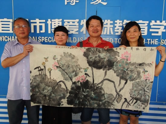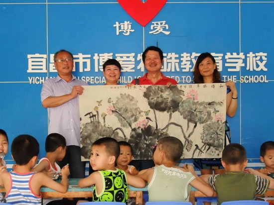 图:2013年7月24日,北京著名画家李元德(右二)向湖北省宜昌市博爱特校赠送价值10万元的水墨画。
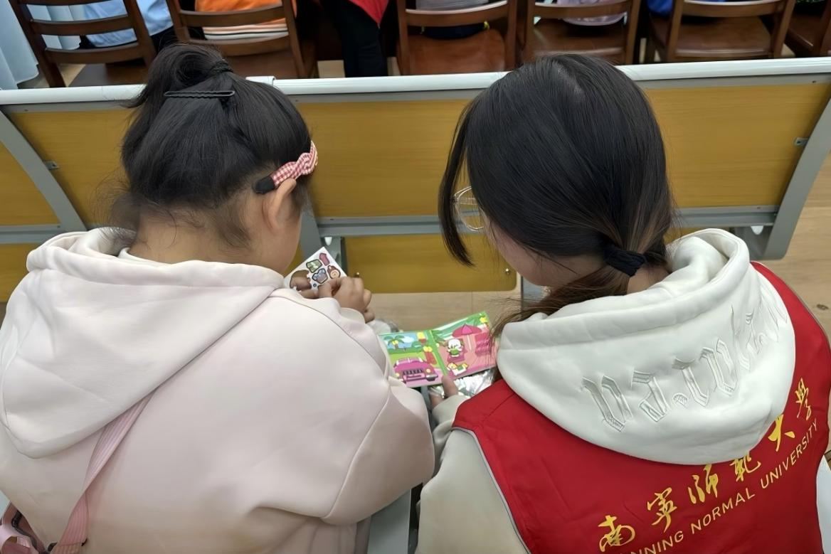 (志愿者陪同小朋友阅读安静书)
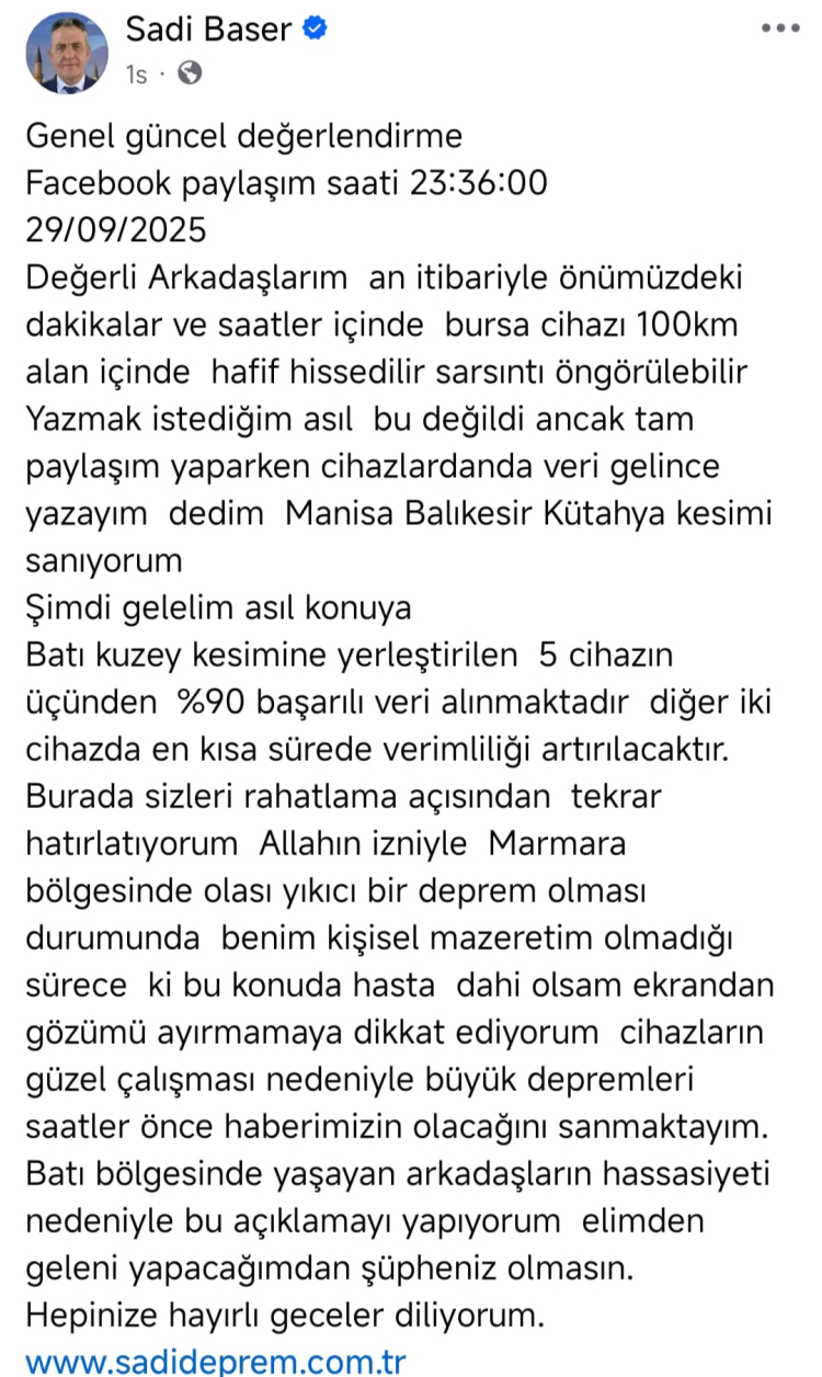 Deprem Uzmanı Sadi Başer, Kütahya ve çevresinde kurulan deprem izleme cihazlarından alınan son verilere ilişkin önemli açıklamalarda bulundu. Başer, önümüzdeki saatlerde Bursa merkezli 100 kilometrelik alanda hafif hissedilebilir sarsıntıların yaşanabileceğini belirtti.

^^^^

## Task requirements
Give back the material word for word, without images.

## Answer to this problem
 图:2013年7月24日,北京著名画家李元德(右二)向湖北省宜昌市博爱特校赠送价值10万元的水墨画。
 (志愿者陪同小朋友阅读安静书)
 Deprem Uzmanı Sadi Başer, Kütahya ve çevresinde kurulan deprem izleme cihazlarından alınan son verilere ilişkin önemli açıklamalarda bulundu. Başer, önümüzdeki saatlerde Bursa merkezli 100 kilometrelik alanda hafif hissedilebilir sarsıntıların yaşanabileceğini belirtti.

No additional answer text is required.